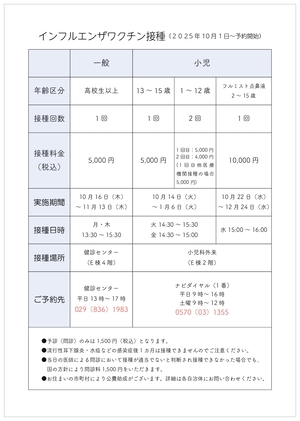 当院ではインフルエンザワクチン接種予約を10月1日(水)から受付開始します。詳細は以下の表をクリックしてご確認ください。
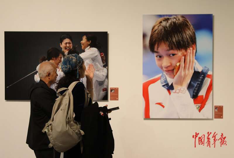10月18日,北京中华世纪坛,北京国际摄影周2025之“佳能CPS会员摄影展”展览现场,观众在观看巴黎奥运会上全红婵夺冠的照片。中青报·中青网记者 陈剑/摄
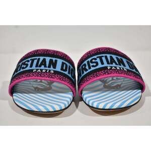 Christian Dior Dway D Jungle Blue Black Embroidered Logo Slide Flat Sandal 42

==

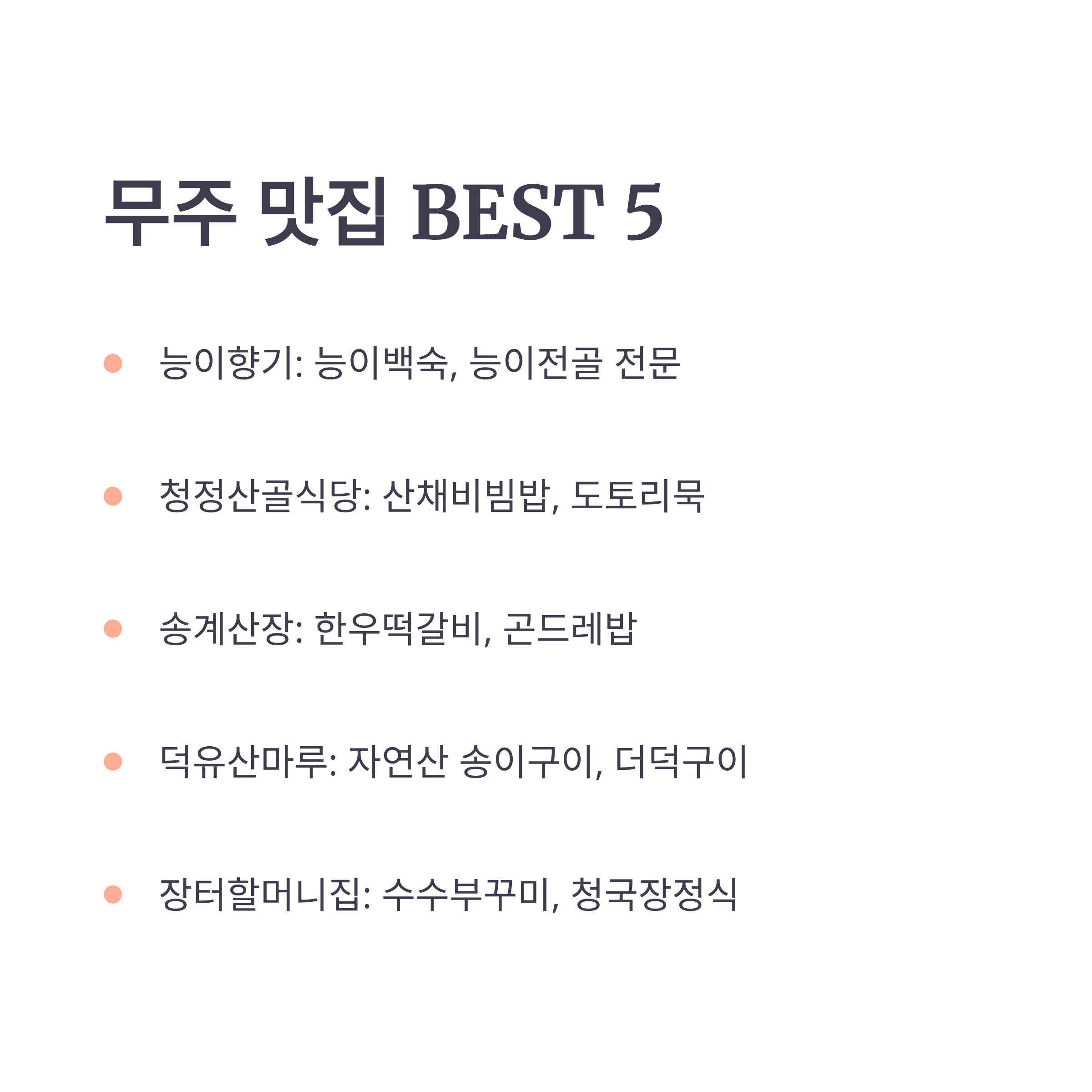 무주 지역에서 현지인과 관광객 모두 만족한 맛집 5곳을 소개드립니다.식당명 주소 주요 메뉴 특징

* * *

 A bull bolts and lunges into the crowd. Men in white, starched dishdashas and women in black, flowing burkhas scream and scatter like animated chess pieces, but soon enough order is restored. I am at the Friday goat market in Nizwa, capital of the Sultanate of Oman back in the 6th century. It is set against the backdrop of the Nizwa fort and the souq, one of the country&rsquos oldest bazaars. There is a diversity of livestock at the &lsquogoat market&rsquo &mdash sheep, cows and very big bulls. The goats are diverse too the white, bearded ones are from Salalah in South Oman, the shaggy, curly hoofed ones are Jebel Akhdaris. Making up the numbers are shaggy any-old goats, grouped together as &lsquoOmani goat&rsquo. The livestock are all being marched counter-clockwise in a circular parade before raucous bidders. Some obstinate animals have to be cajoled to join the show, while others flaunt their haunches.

_Exercise requirements_:
I'd like the lines above repeated exactly, from the one that contains "当院ではインフルエンザワクチ" through the one that contains "Christian Dior Dway", with no pictures.

_Output of the task_:
 当院ではインフルエンザワクチン接種予約を10月1日(水)から受付開始します。詳細は以下の表をクリックしてご確認ください。
10月18日,北京中华世纪坛,北京国际摄影周2025之“佳能CPS会员摄影展”展览现场,观众在观看巴黎奥运会上全红婵夺冠的照片。中青报·中青网记者 陈剑/摄
 Christian Dior Dway D Jungle Blue Black Embroidered Logo Slide Flat Sandal 42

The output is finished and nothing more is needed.